6 Summary and outlook

This study considers the problem of selecting orders from an order bank to be produced on a mixed-model assembly line using a car sequencing approach. We described and discussed the basic master production scheduling approach and presented a simple extension as well as an enhanced approach with additional constraints. We showed that interdependencies between car sequencing rules resulted in the existence of additional implicit and dynamic sequencing constraints on models that feature more than one option. In the case of two options, we derived linear inequalities that fully represent these implicit constraints in the master production scheduling step and presented a generalized modification to the basic master production scheduling model. In numerical studies, we compare the standard basic approach with a simple extension and an enhanced approach. Compared to the basic approach, our simple extension approach caused fewer violations in the sequencing step for most instances. The two approaches cause nearly the same number of violations if the utilization rate approaches 100% for all options. The enhanced approach outperformed the basic approach in each of the experiments. Compared to our simple extension approach, we showed that for up to six options, the implicit constraints in the master production scheduling step can cause a significantly lower number of violations in the sequencing step. Especially for options that are mutually exclusive or conditional, an integration of interdependencies leads to a significant reduction in violations. Another advantage is the early anticipation of the sequencing step, such that it can be recognized that not all orders can be scheduled. Consequently, the decision-maker can react during the scheduling step.

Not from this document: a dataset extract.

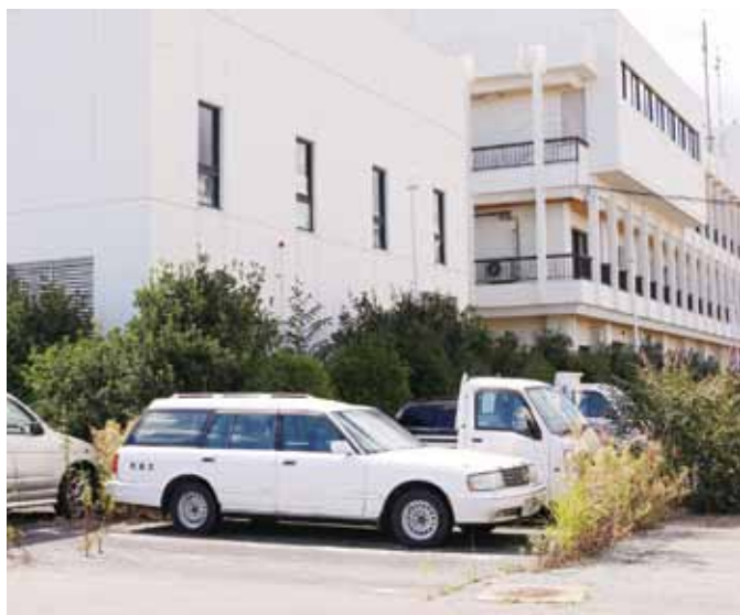
使用していない公用車も町の財産

For practical applications, the presented inequalities should be derived for hard sequencing rules, as these must be strictly met during the sequencing step as it may lead to a loss in the output if not met. In principle, additional soft sequencing rules can be considered in the enhanced master production scheduling approach through Inequality (6). We believe that this might reduce the number of violations of hard sequencing rules without influencing the violations of soft sequencing rules. Further research in this field may identify the potential of combining the two approaches for hard and soft sequencing rules.

Another use case of our findings should be order promising. Presently, to accept orders and allocate them to production weeks, order promising usually uses the same restrictions as the standard master production scheduling model. As shown, sequencing is insufficiently anticipated in this case. This can lead to order pools that cannot be completely allocated to periods with improved sequencing anticipation in the master production scheduling step. The assurance that orders can be sequenced already in the promising step can thus ensure the assignment to periods and thus lead to an overall reduction in deviation costs in the master production step, which would arise if orders had to be postponed to earlier or later periods. Further investigations are left for future studies.